3. Effects of IUGR on different organs

When exposed to in utero undernourishment, the available nutrients tends to be diverted to the growth and functional preservation of vital organs, e.g., brain, at the expense of organs such as the liver and pancreas (21). Even a slight reduction in nutrient supply limits fetal glycogen and fat formation, muscle and bone growth, with redistribution of cardiac output favoring delivery to the brain (2). The effects of environmental challenges are determined by their severity, duration, gestational age and probably the fetus's gender (22). The liver, the principal organ involved in the metabolism of dietary nutrients becomes a major target undergoing epigenetic, structural, and functional changes due to early exposure to unfavorable environment (23). The liver is essential in regulating gene expression for key transcription factors (24). Piglets with IUGR suffer from the hepatic disorder of lipid catabolism (25), with a significantly upregulated hepatic inflammatory factor under mRNA expression (26). It has been documented that IUGR piglets are presented with increased hepatic lipid concentrations, higher levels of serum pro-inflammatory cytokines, impaired growth, insulin resistance and inflammation (18).

Fatty hepatic infiltrates and cytoplasmic vacuolization has been reported in the livers of newborn IUGR piglets (27). An examination of the hepatic proteome revealed that the IUGR fetus had lower lipoprotein lipase activity (LPL) (28). IUGR piglets, compared to the normal birth weight (NBW) piglets, displayed low liver weight and compromised growth performance, decreased plasma free fatty acid (FFA) level, elevated hepatic oxidative stress (OS), abnormal hepatic lipid accumulation and compromised hepatic immune function. Some genes such as heme oxygenase 1, stearoyl-CoA desaturase 1, liver fatty acid- binding proteins 1, superoxide dismutase 1, toll-like receptor 4, sterol regulatory element-binding protein 1c, and tumor necrosis factor-alpha (TNF-α) have abnormal transcriptional expression in the liver of IUGR models (29). Therefore, it is a major requirement to improve the hepatic lipid metabolism, redox and immune status in the IUGR piglets’ model as it will be instrumental in developing new strategies for IUGR infants to prevent or/and slow the progression of non-alcoholic fatty liver disease (NAFLD) (29).

Through these findings, it is observed that among major defects occurring due to IUGR, lipid metabolism is greatly affected, followed by the immune function and its correlated genetic expressions. Thus, a hostile milieu can greatly impact an organism's normal biological function and development. The changes undergone by the organ for proper adaptation to the environment can be long-lasting and irreversible.

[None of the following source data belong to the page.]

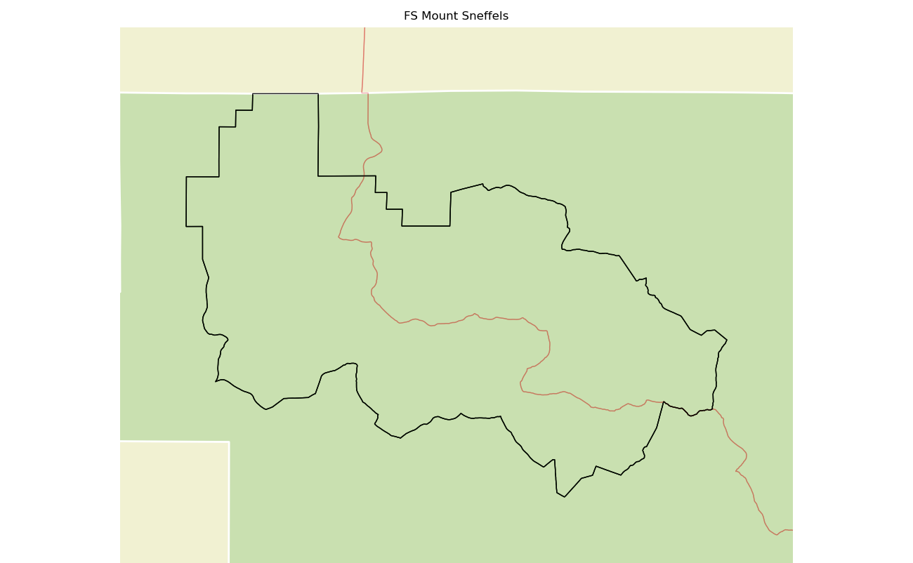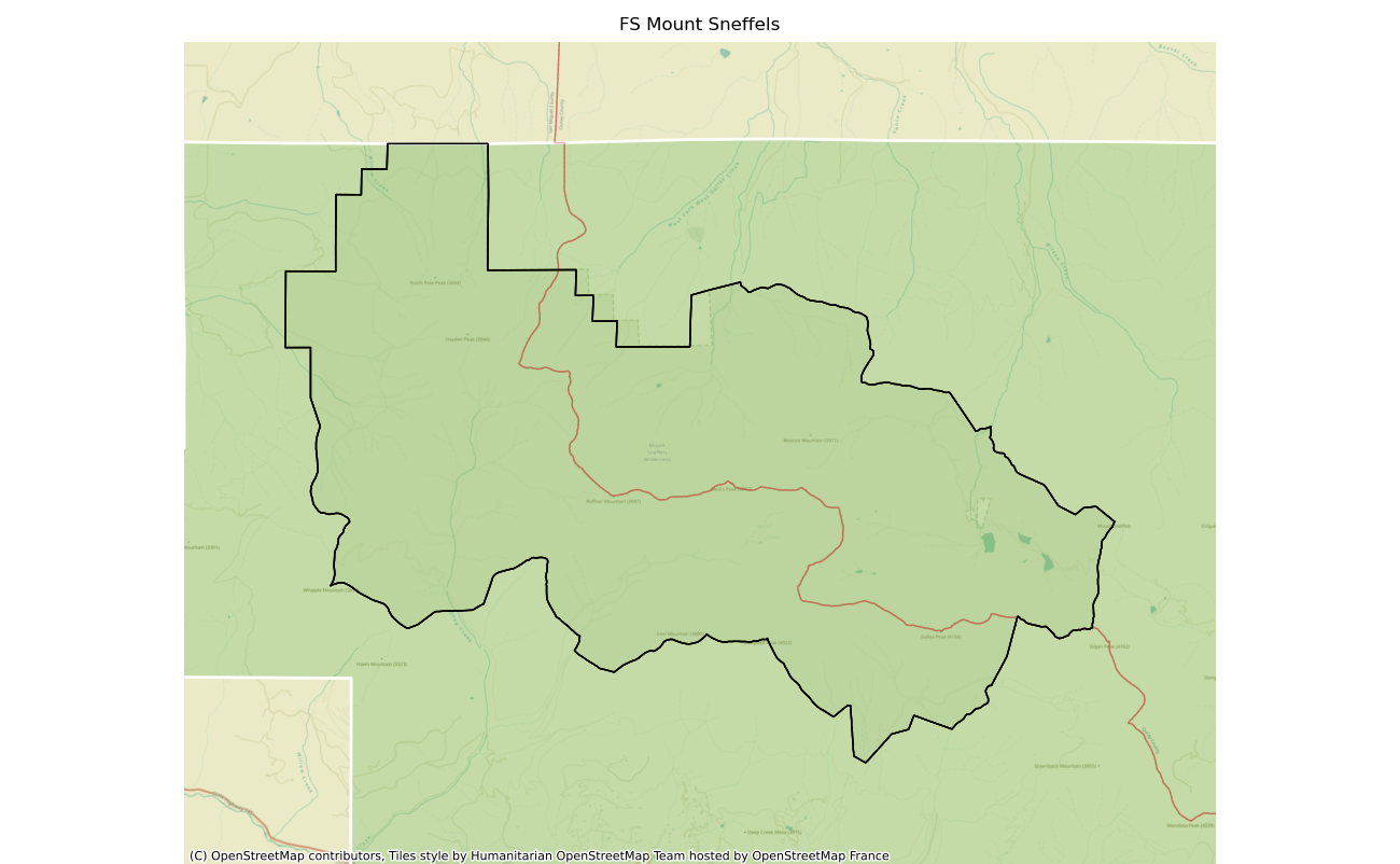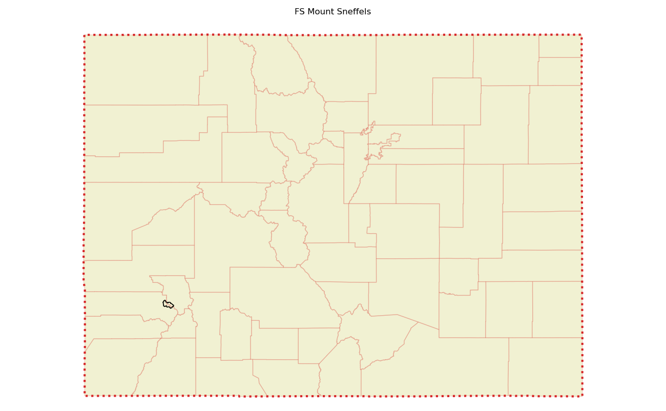The 16495 acre Mount Sneffels was designated as a National Wilderness on or around 1980-01-01, and Wilderness Character Monitoring baseline work was done in 2025. The maps in this section are made with USFS data, with terrain maps from the internet.
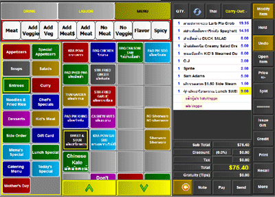 SuperMenu POS offers multi-lingual operation. You can display1 language or both languages in the order screen, and 1 language or both languages sent to the kitchen printer or KDS.
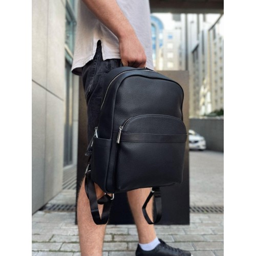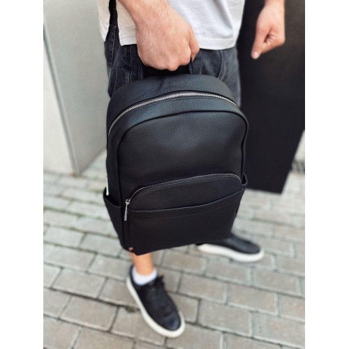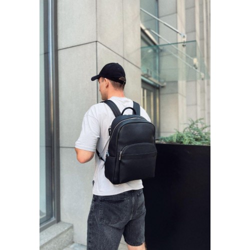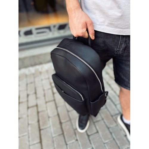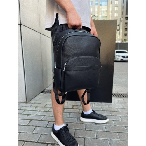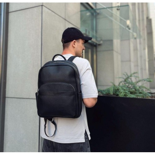 Стильний шкіряний чоловічий рюкзак Tiding Bag N2-191116-3A виготовлений із натуральної шкіри чорного кольору, що має зернисту матову текстуру.
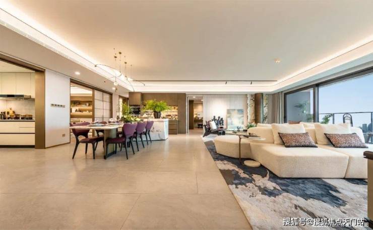 联通阳台、客厅、餐厅、厨房四大空间, 打造约7米×约9.5米将近约70㎡的宽厅, 无论是瑜伽、品茗、亦或是亲朋相聚……美好生活的场景,于此无尽上演。

4. Preclinical IUGR investigations using different models

Diverse animal models of IUGR have been employed to investigate the mechanisms of intrauterine adaptation and programming, including maternal stress, uteroplacental insufficiency, hypoxia, nutrient (protein) restriction and glucocorticoid treatment (30). As the genetic background in animal models can be controlled, it is possible to explore the effects of the environment on long-term health during gestation or early postnatal life (22).

In multifetal mammals, IUGR has been reported to have lasting and harmful impacts on neonatal birth weight, postnatal growth, development, and liver function (31, 32). Pigs have been widely researched for human health regulation and animal nutrition. They have been extensively used as an animal model for IUGR studies due to their biological similarity to humans (33). Studies have shown that due to nutritional deficiencies during gestation, IUGR piglets displayed the most severe naturally occurring conditions; they have a higher risk of IUGR than other animals (25, 34).

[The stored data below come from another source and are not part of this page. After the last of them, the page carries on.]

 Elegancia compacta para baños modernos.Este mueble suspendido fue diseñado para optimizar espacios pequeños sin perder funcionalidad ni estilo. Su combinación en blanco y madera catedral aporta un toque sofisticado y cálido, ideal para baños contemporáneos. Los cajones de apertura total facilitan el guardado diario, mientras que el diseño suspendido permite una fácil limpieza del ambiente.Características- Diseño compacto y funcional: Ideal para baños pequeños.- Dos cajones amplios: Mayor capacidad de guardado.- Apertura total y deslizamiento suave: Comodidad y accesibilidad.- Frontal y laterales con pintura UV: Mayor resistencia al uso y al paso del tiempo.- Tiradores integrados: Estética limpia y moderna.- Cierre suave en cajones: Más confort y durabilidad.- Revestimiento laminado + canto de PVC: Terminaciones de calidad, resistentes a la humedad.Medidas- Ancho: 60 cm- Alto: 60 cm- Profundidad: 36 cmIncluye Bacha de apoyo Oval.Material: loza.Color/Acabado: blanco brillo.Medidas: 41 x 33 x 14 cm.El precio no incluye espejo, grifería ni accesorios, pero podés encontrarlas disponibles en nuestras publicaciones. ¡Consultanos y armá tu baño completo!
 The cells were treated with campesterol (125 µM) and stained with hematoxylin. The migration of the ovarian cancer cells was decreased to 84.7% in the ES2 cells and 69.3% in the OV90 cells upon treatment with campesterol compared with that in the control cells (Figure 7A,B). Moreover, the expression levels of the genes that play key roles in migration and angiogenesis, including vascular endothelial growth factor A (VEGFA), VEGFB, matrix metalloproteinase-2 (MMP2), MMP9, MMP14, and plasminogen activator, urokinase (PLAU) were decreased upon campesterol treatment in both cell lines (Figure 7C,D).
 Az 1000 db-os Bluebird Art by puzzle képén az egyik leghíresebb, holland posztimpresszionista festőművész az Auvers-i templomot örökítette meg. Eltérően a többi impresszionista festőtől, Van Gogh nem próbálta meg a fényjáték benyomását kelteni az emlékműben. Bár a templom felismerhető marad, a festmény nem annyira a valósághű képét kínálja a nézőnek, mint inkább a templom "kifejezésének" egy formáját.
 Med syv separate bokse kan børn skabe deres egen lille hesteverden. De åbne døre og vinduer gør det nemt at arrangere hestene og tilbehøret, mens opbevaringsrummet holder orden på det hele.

The sheep model is attractive in studying the mechanistic basis of fetal adaptations that occur during fetal hypoxia, hypoglycemia, and IUGR caused by poor placentation (3). Other strengths of the sheep model include the availability of a singleton fetus, duration of pregnancy, similarities with humans in regard to organ and body development regulatory pathways and homeostasis. Most importantly, just like in humans, prenatal malnutrition in sheep has an extended impact on the endocrine, cardiovascular, and postnatal homeostasis systems (35).

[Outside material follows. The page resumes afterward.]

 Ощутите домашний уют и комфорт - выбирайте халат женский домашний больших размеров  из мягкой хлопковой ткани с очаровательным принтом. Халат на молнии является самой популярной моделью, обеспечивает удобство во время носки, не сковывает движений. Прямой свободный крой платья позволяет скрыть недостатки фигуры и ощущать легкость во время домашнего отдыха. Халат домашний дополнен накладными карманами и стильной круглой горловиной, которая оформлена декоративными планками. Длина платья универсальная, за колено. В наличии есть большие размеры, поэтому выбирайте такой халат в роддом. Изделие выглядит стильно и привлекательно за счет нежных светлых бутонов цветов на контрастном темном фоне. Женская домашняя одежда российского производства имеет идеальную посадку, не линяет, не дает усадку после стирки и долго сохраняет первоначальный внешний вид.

Rodents offer a significant advantage in terms of relatively short gestation and lifespan (22). Malnutrition during critical early life periods has been shown to affect subsequent development (36) and perinatal adverse challenges have led to long-term consequences. For example, in both males and female rats, maternal caloric restriction results in low-birth-weight offspring with accelerated neonatal growth, early vaginal opening and sexual dimorphism (37, 38). However, some findings indicate that regardless of postnatal diet, male growth-restricted rats are resilient to impaired glucose homeostasis while female growth-restricted rats are more vulnerable to metabolic dysfunction (39). In another study the results demonstrated an intrauterine growth retardation and hypercholesterolemia in male adult offspring rats following prenatal nicotine exposure (PNE) (40). These findings highlight the role of gender in the development of IUGR associated Mets.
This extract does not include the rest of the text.